___ SUPPLIED DATA
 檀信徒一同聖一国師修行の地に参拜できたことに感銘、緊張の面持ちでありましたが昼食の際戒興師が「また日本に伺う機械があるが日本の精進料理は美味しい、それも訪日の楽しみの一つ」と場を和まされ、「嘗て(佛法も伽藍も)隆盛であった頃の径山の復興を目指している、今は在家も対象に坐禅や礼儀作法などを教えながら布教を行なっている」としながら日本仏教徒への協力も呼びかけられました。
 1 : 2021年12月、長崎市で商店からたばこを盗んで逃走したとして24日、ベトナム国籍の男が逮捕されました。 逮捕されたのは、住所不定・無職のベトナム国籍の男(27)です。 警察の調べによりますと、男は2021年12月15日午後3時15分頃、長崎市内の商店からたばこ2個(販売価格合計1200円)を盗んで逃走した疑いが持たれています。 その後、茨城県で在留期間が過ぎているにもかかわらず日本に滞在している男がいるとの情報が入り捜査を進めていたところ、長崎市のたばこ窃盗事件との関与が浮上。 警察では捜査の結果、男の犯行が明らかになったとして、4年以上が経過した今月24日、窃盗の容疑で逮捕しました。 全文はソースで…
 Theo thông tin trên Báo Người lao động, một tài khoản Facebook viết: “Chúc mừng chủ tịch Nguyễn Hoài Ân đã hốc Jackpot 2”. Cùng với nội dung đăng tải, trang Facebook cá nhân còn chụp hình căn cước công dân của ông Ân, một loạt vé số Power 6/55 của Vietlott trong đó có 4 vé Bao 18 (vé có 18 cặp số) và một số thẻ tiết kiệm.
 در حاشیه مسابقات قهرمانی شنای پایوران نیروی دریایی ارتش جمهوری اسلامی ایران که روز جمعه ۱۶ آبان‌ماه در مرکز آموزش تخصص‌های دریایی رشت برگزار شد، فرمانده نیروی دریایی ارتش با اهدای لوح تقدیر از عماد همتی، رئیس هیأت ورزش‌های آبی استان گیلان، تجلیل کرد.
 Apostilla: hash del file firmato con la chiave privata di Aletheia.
______
___ SUPPLIED DATA
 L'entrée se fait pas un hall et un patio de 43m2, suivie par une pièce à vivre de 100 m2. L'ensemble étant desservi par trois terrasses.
______
▶ _TASK PROMPT_
Above are the records; from them, give again exactly the lines from the one containing "Theo thông tin" to the one containing "Apostilla: hash del", both lines included, and nothing more.

▶ _EXERCISE OUTPUT_
 Theo thông tin trên Báo Người lao động, một tài khoản Facebook viết: “Chúc mừng chủ tịch Nguyễn Hoài Ân đã hốc Jackpot 2”. Cùng với nội dung đăng tải, trang Facebook cá nhân còn chụp hình căn cước công dân của ông Ân, một loạt vé số Power 6/55 của Vietlott trong đó có 4 vé Bao 18 (vé có 18 cặp số) và một số thẻ tiết kiệm.
 در حاشیه مسابقات قهرمانی شنای پایوران نیروی دریایی ارتش جمهوری اسلامی ایران که روز جمعه ۱۶ آبان‌ماه در مرکز آموزش تخصص‌های دریایی رشت برگزار شد، فرمانده نیروی دریایی ارتش با اهدای لوح تقدیر از عماد همتی، رئیس هیأت ورزش‌های آبی استان گیلان، تجلیل کرد.
 Apostilla: hash del file firmato con la chiave privata di Aletheia.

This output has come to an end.